Using Kafka and Spring boot kafka stream listener in my application. The configurations are: 160 partitions and the HPA is set to 6-40 so under peak load the pods scale to 40. The problem is that a single message on a single offset is getting consumed multiple times, sometimes as many as 15 times which is causing bottlenecks on DB and other problems at times.
log.info("Acknowledging message offset : {} for correlation ID {} time taken {} groupId {}", offset, message.getPayload().getCorrelationId(), (System.currentTimeMillis() - startTime), groupId);
the same correlation id and same offset is being committed by multiple pods. I also printed the group ID so as to ensure all the pods are in same consumer group few of the logs are as below:
03-10-2020 15:39:23.966 [35m[KafkaConsumerDestination{consumerDestinationName='topic-input', partitions=0, dlqName='null'}.container-4-C-1][0;39m [34mINFO [0;39m c.c.g.m.m.c.MessageConsumerImpl.processCreateWorkflow - Acknowledging message offset : 118347 for correlation ID f5979128-f69c-4b32-b510-6972ef1cadff time taken 2994 groupId topic
==========
03-10-2020 15:39:23.947 [35m[KafkaConsumerDestination{consumerDestinationName='topic-input', partitions=0, dlqName='null'}.container-5-C-1][0;39m [34mINFO [0;39m c.c.g.m.m.c.MessageConsumerImpl.processCreateWorkflow - Acknowledging message offset : 119696 for correlation ID f5979128-f69c-4b32-b510-6972ef1cadff time taken 1434 groupId topic
The Pod id for those 2 logs are : 5f812fe2-38d4-430e-a395-943d77747b3a and 194786f6-83df-4288-959c-7fcfb42de45a respectively.(they are different)
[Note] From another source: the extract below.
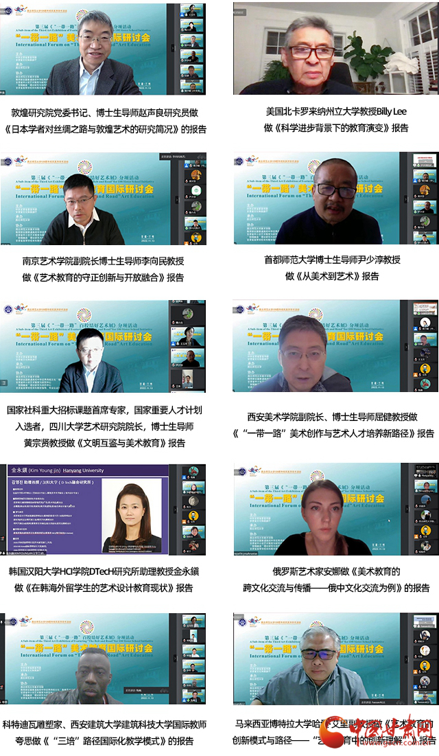中國甘肅網(wǎng)11月16日訊 (本網(wǎng)記者 張?zhí)m琴 通訊員 王秀)推進(jìn)“一帶一路”沿線國家和地區(qū)美術(shù)交流,促進(jìn)美術(shù)教育的國際化合作和發(fā)展,搭建國際交流的學(xué)術(shù)平臺,“一帶一路”美術(shù)教育國際研討會14日在西北師范大學(xué)落幕。來自美國、韓國、俄羅斯、馬來西亞等十個國家,三十八所海內(nèi)外高校、研究院、美術(shù)館、美術(shù)協(xié)會、雜志社、中小學(xué)領(lǐng)域近五十位專家在線上參加了會議,深入分析了當(dāng)前美術(shù)教育所面臨的挑戰(zhàn)與機遇,共同探討了面向未來的美術(shù)教育模式、路徑和前景。

Another strange thing is both of them consuming messages from the same partition i.e. partition 0 none of the logs for any other partitions are printed though when we try to see we do see messages in other partitions. Below are the configs for spring boot kafka stream listener:
stream:
kafka:
binder:
brokers: brkr:9092
zkNodes: zk1:2181,zk2:2181,zk3:2181
autoCreateTopics: false
# retry configs
producerProperties:
key.serializer: org.apache.kafka.common.serialization.StringSerializer
value.serializer: org.apache.kafka.common.serialization.ByteArraySerializer
retries: 3
max.in.flight.requests.per.connection: 1
retry.backoff.ms: 9000
request.timeout.ms: 400000
delivery.timeout.ms: 450000
applicationId: ng-member-service
consumerProperties:
key.deserializer: org.apache.kafka.common.serialization.StringDeserializer
value.deserializer: org.apache.kafka.common.serialization.ByteArrayDeserializer
#max.poll.records: 100
auto.offset.reset: earliest
session.timeout.ms: 300000
request.timeout.ms: 400000
allow.auto.create.topics: false
heartbeat.interval.ms: 80000
default:
consumer:
autoCommitOffset: false
producer:
messageKeyExpression: payload.entityId
bindings:
topic-input:
consumer:
configuration:
max.poll.records: 350
default:
consumer:
partitioned: true
concurrency: 4
producer:
partitionKeyExpression: payload.entityId
#partitionCount: 4
bindings:
topic-input:
destination: topic-input
group: topic
consumer:
maxAttempts: 1
partitioned: true
concurrency: 12
Any help on above would be appreciated.